Daylight saving time no longer serves purpose

Morgan Dowler | Cartoonist

By The Editorial Board

The first week back from spring break always feels like a punch in the gut. Between the healing sunburn, ongoing midterms and the skipping forward an hour into the future, students are having a rough week. However, there may be some good news found deep in the cracks as daylight saving has the potential to become permanent.

On Tuesday, the United States Senate unanimously voted on the “Sunshine Protection Act” to keep daylight saving permanent. No more moving the clock back and forth every six months. Awaiting the eventual decision once it’s gone through the House of Representatives and received President Joe Biden’s signature, time will no longer move backward starting in November 2023.

While we understand the hype for this is a little underwhelming once finding out we might have a year still to go, there’s legitimate cause for why this practice needs to stop.
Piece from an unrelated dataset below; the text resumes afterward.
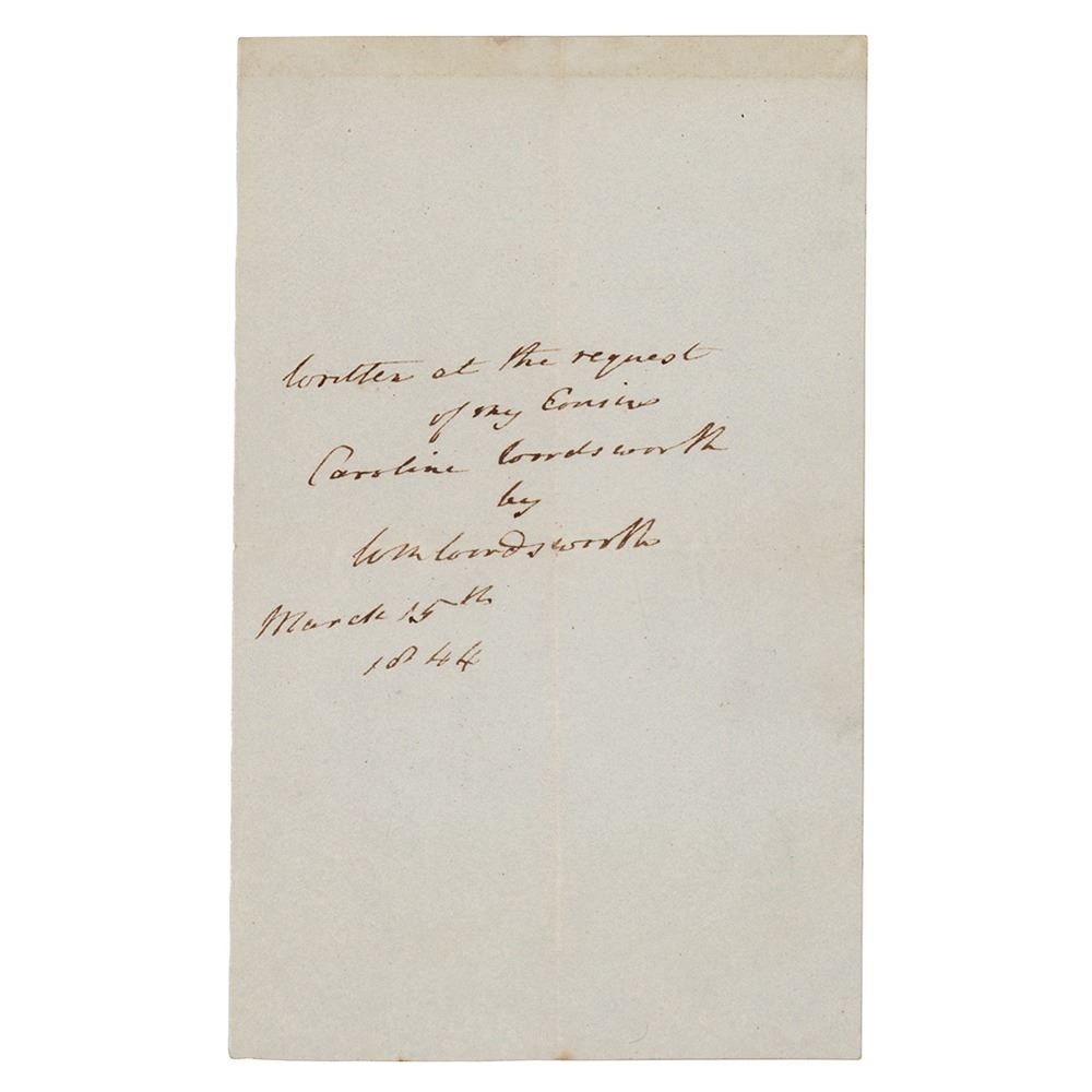 Ink signature, "Written at the request of thy cousin, Caroline Wordsworth, by Wm Wordsworth, March 15th, 1844,†on an off-white 4.5 x 7.25 sheet. In fine condition.
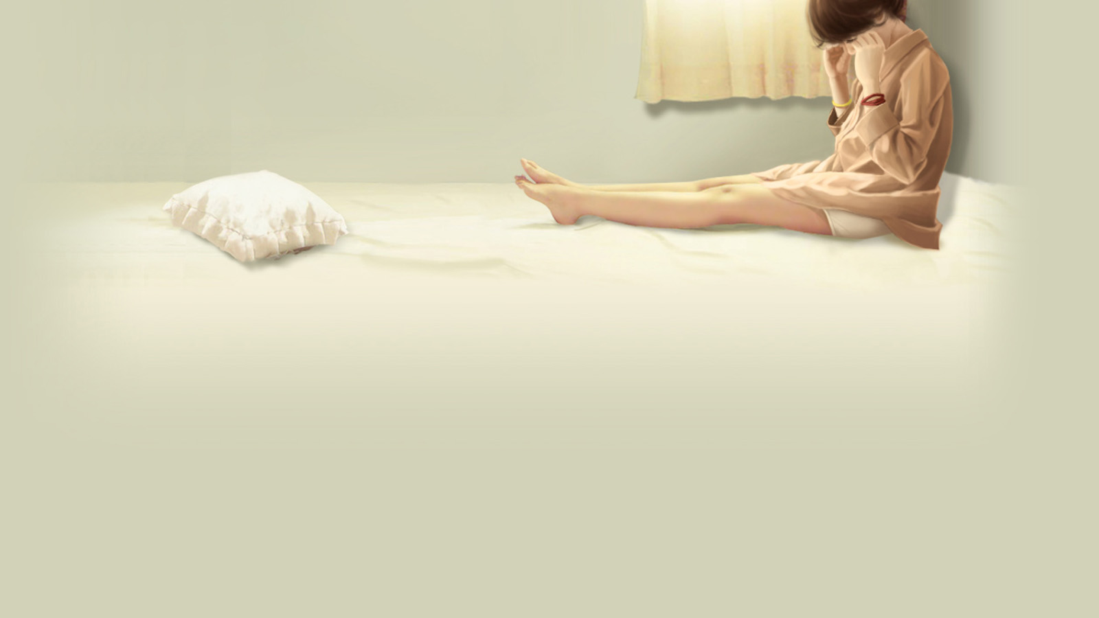 孤独女孩在海水边期望等待的天堂唯美电脑壁纸免费下载

First off, setting clocks back an hour was started in Europe during World War I to conserve fuel. The United States adopted the practice two years later in 1918 but quickly shut it down once the war ended. With time seemingly in limbo, there weren’t any federal laws regarding if daylight saving required recognition from everyone. However, former President Franklin Roosevelt brought it back in 1942 and suggested a year-round daylight saving time called “war time.” Lasting until 1945, the decision kept changing with the people’s decision. Until the Uniform Time Act of 1966 — to establish firm time zones and standard time usage throughout the nation — we kept up with the practice of saving the day. The same way time couldn’t be settled, there are many reasons as to the confusing history of why this was started in the first place.

To put it simply, there’s no longer a reason for us to continue doing this.

Another aspect to why daylight saving only causes chaos is the increase in the risk of heart attacks and traffic accidents. We’re well aware that moving forward to just go back later on messes up our circadian rhythm, but messing with that rhythm leads to further problems in behavioral and cognitive abilities. It doesn’t seem that one hour of sleep would have this much effect within the world, but it goes to show how wired our bodies are and how heavily we rely on routines.

Currently, Arizona and Hawaii are the only two states in the nation that don’t recognize daylight saving time. While this may soon come to be the entire nation, it’s clear from the unanimous vote, drastic medical concerns and crash-like accidents that we all agree to end daylight saving time. Come to your senses and see that time shouldn’t be moving because of the season we are entering or to soak up the sun.